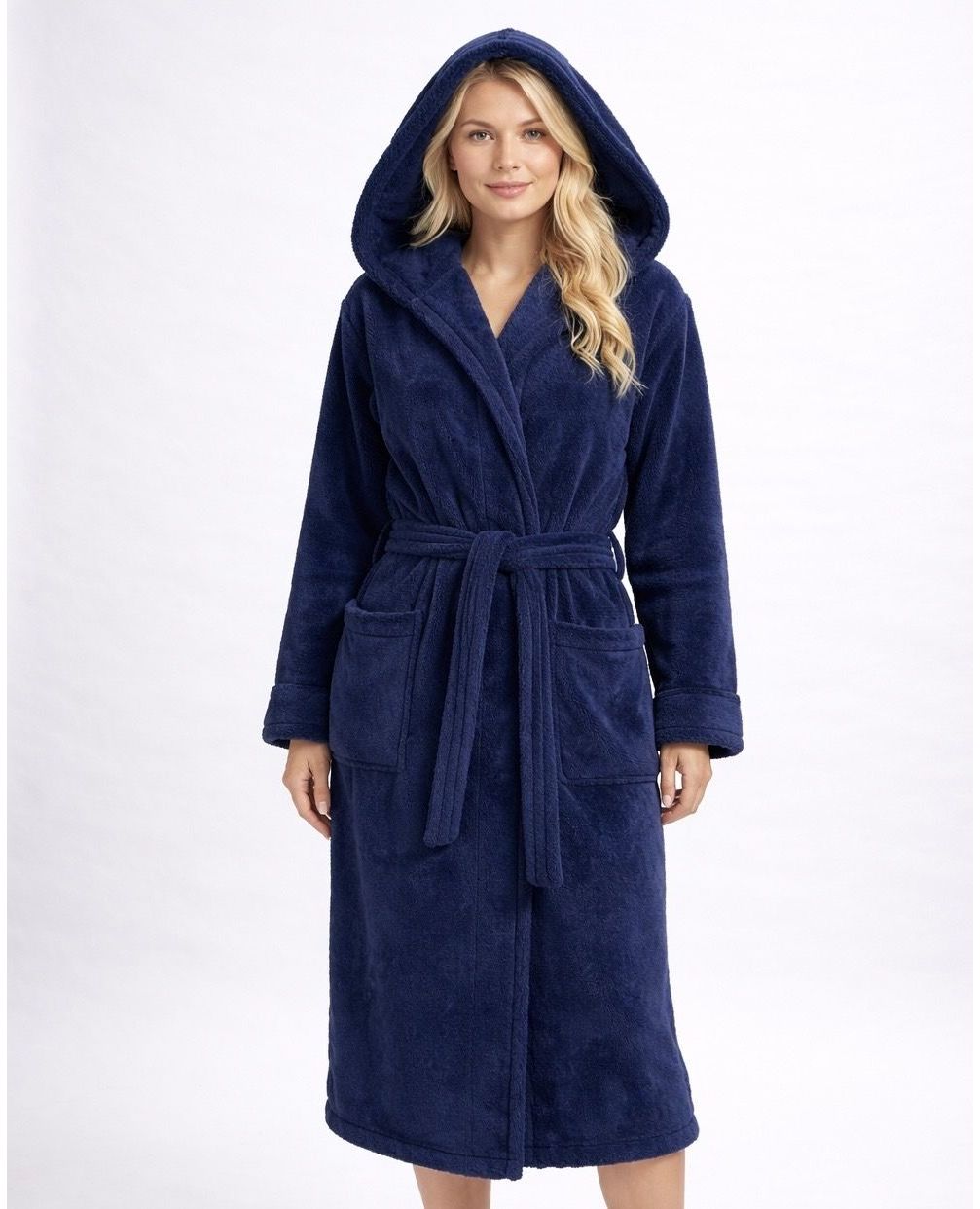 Затишний синій халат із м’якої махрової тканини стане ідеальним вибором для дому та відпочинку. Модель на запах із поясом забезпечує зручну посадку, а капюшон додає додаткового комфорту та тепла. Легка й практична тканина приємна у використанні та проста у догляді.
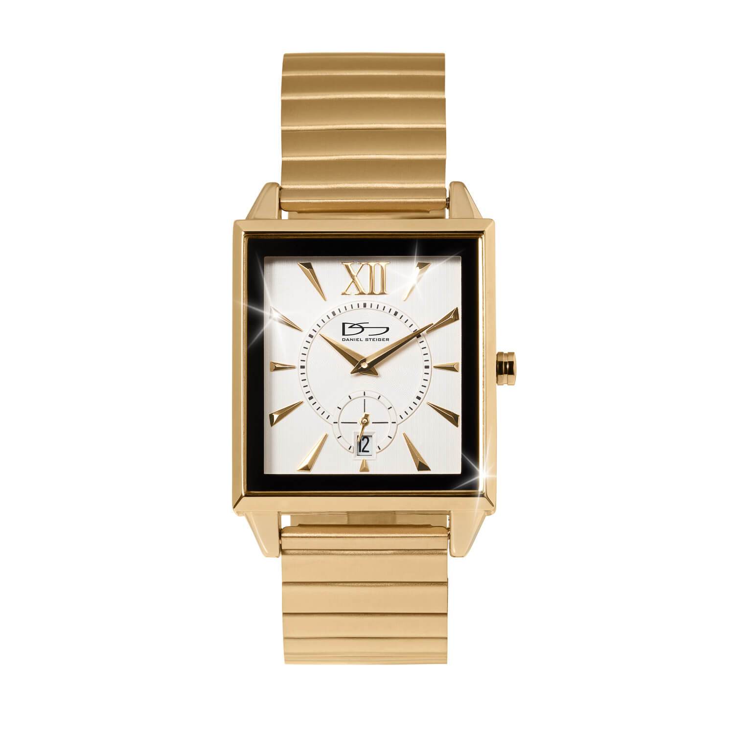 Our Quadro watches have a sleek square case. The mixture of textures brushed and polished finishes on the case and strap, help make this sophisticated pair of watches look really luxurious. A useful date window and second hand sub dial add to this sleek designer finish.
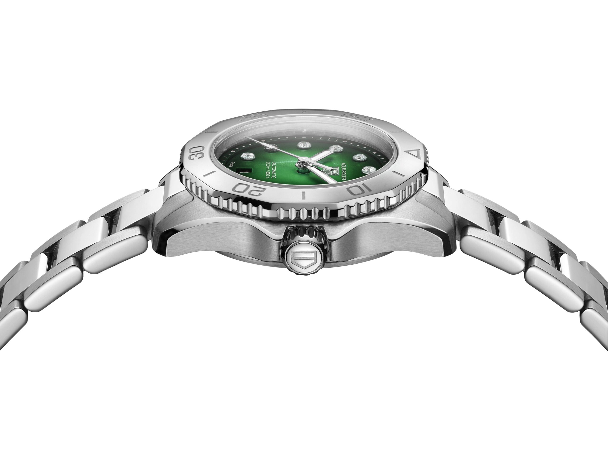 Introducing the elegant TAG Heuer Aquaracer Professional 200 WBP2415.BA0622, a perfect blend of luxury and performance for modern women. This striking timepiece features a vibrant emerald green dial adorned with 11 brilliant diamond hour markers, adding a sophisticated touch to its sporty design. Encased in a 36mm stainless steel case, it is both durable and comfortable for daily wear. The unidirectional rotating bezel ensures functionality for diving, while the Swiss-made automatic movement offers reliability. Water-resistant to 200 meters, this watch is ideal for those who value a chic style that can handle the adventures of everyday life. With its classic stainless steel bracelet and refined aesthetics, this TAG Heuer Aquaracer is designed for women who desire an active yet refined timepiece.

### Your assignment
Without including any picture, copy the listing above exactly and in full.

### Written solution
 Затишний синій халат із м’якої махрової тканини стане ідеальним вибором для дому та відпочинку. Модель на запах із поясом забезпечує зручну посадку, а капюшон додає додаткового комфорту та тепла. Легка й практична тканина приємна у використанні та проста у догляді.
 Our Quadro watches have a sleek square case. The mixture of textures brushed and polished finishes on the case and strap, help make this sophisticated pair of watches look really luxurious. A useful date window and second hand sub dial add to this sleek designer finish.
 Introducing the elegant TAG Heuer Aquaracer Professional 200 WBP2415.BA0622, a perfect blend of luxury and performance for modern women. This striking timepiece features a vibrant emerald green dial adorned with 11 brilliant diamond hour markers, adding a sophisticated touch to its sporty design. Encased in a 36mm stainless steel case, it is both durable and comfortable for daily wear. The unidirectional rotating bezel ensures functionality for diving, while the Swiss-made automatic movement offers reliability. Water-resistant to 200 meters, this watch is ideal for those who value a chic style that can handle the adventures of everyday life. With its classic stainless steel bracelet and refined aesthetics, this TAG Heuer Aquaracer is designed for women who desire an active yet refined timepiece.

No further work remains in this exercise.